I lose myself in the art. Sketching in the initial shapes and actions. Refining and filling in with detail. I make sure everything in the first cell is perfect before saving it and moving on to the next one. When I’m done, I’ll export them to my laptop so I can clean them up, finalize the line work, and add the color.

I’ve finished the first three sketches when my phone vibrates in my back pocket.

A name flashes across the screen: Tash.

I debate not replying. I’m not supposed to talk to her—or any of the other so-called “bad influences” in my life. We’re not supposed to have any contact at all. It’s one of the “Three Rules of Sloane Surviving to Legal Adulthood” that Mom and Dad laid out after The Incident.

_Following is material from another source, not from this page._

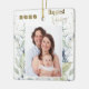 Personalize este lindo ornamento de férias com sua própria fotografia e ano! Design com ouro faux foil, com a frase "Feriados mais felizes" e uma linda aquarela verde de inverno. Design na frente e atrás. Parte de nossa coleção "Feriados mais felizes do inverno" com uma variedade de produtos coordenadores disponíveis.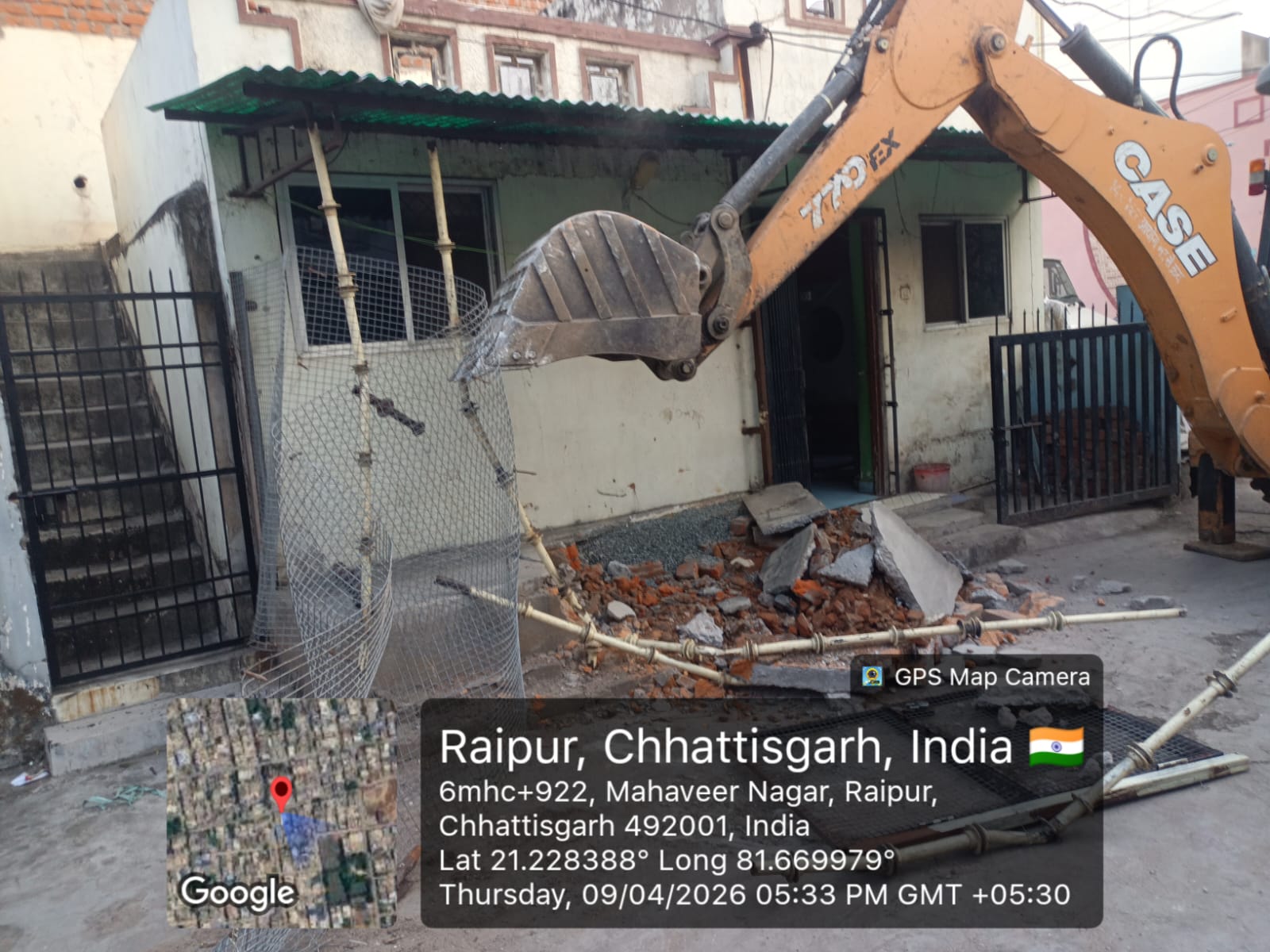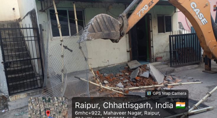 पंडित विद्याचरण शुक्ल वार्ड 50 अंतर्गत महावीर नगर मे आलोक जैन द्वारा किए गए अवैध शेड निर्माण को हटाया गया.

That’s not why I consider ignoring the text. Things have been strained between us since The Incident. We’ve only spoken a couple of times all summer, including when I texted her about the Texas plan.

But with so many miles between us—between me and my home—that all seems like a waste of energy. Tash has been my best friend for years. Despite everything that happened, I don’t want to throw that away because I’m mad about one little thing—okay, two not-so-little things. I’ll get over it. I always do.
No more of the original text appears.